┏━━
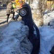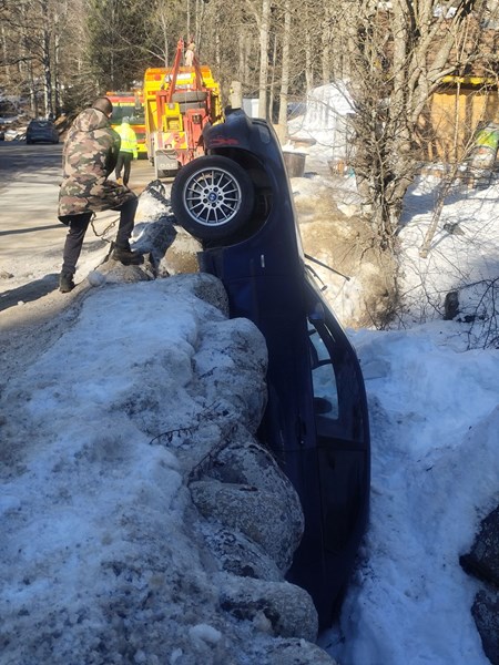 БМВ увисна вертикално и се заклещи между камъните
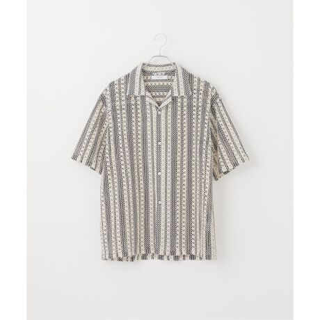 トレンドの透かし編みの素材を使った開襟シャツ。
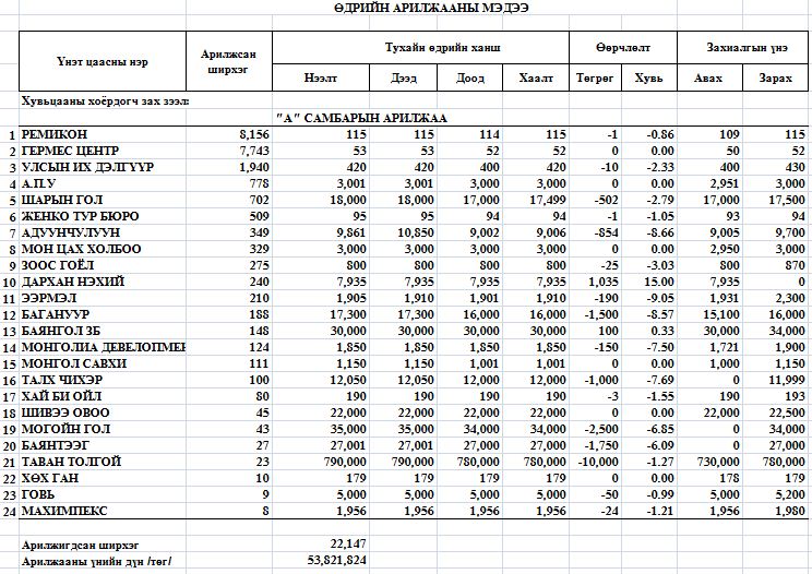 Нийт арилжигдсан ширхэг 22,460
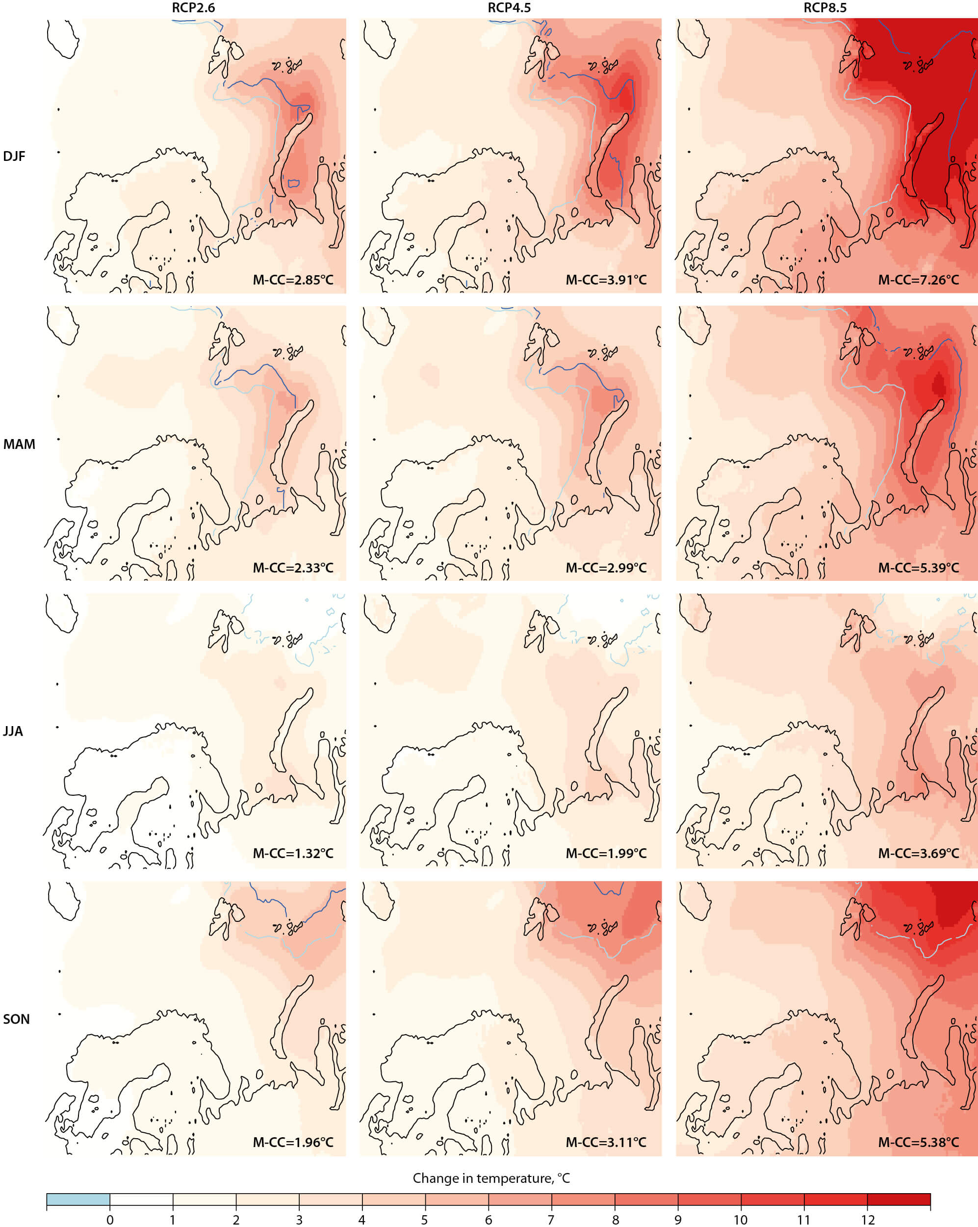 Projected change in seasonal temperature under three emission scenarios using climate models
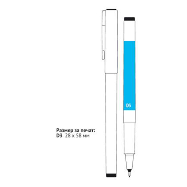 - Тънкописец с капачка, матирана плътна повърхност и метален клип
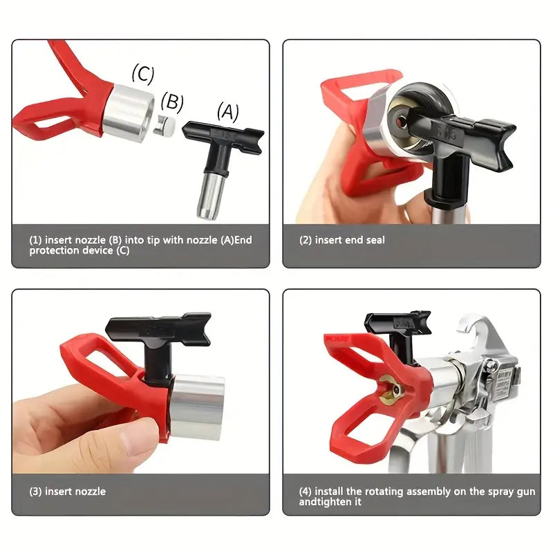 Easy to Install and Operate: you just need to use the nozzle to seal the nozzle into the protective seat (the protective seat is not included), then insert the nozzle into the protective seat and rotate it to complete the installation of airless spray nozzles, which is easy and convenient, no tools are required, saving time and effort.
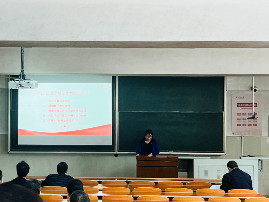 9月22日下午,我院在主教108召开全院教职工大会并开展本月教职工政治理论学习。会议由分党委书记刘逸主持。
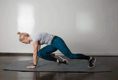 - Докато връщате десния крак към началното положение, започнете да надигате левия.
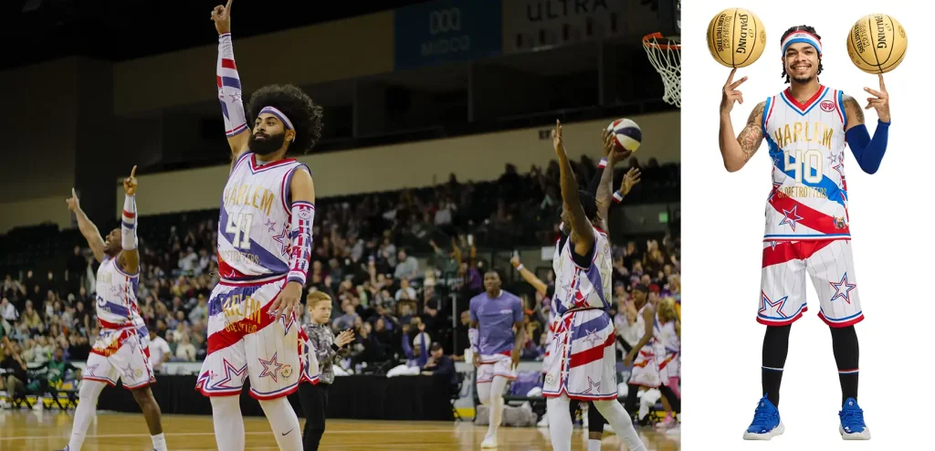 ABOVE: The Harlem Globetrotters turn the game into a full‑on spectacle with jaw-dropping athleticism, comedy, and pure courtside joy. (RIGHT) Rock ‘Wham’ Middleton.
┗━━
**Work order:** Quote the material above exactly, from the line holding "- Тънкописец с" through its last line, including both. Omit the pictures.

**Problem solution:**
 - Тънкописец с капачка, матирана плътна повърхност и метален клип
 Easy to Install and Operate: you just need to use the nozzle to seal the nozzle into the protective seat (the protective seat is not included), then insert the nozzle into the protective seat and rotate it to complete the installation of airless spray nozzles, which is easy and convenient, no tools are required, saving time and effort.
 9月22日下午,我院在主教108召开全院教职工大会并开展本月教职工政治理论学习。会议由分党委书记刘逸主持。
 - Докато връщате десния крак към началното положение, започнете да надигате левия.
 ABOVE: The Harlem Globetrotters turn the game into a full‑on spectacle with jaw-dropping athleticism, comedy, and pure courtside joy. (RIGHT) Rock ‘Wham’ Middleton.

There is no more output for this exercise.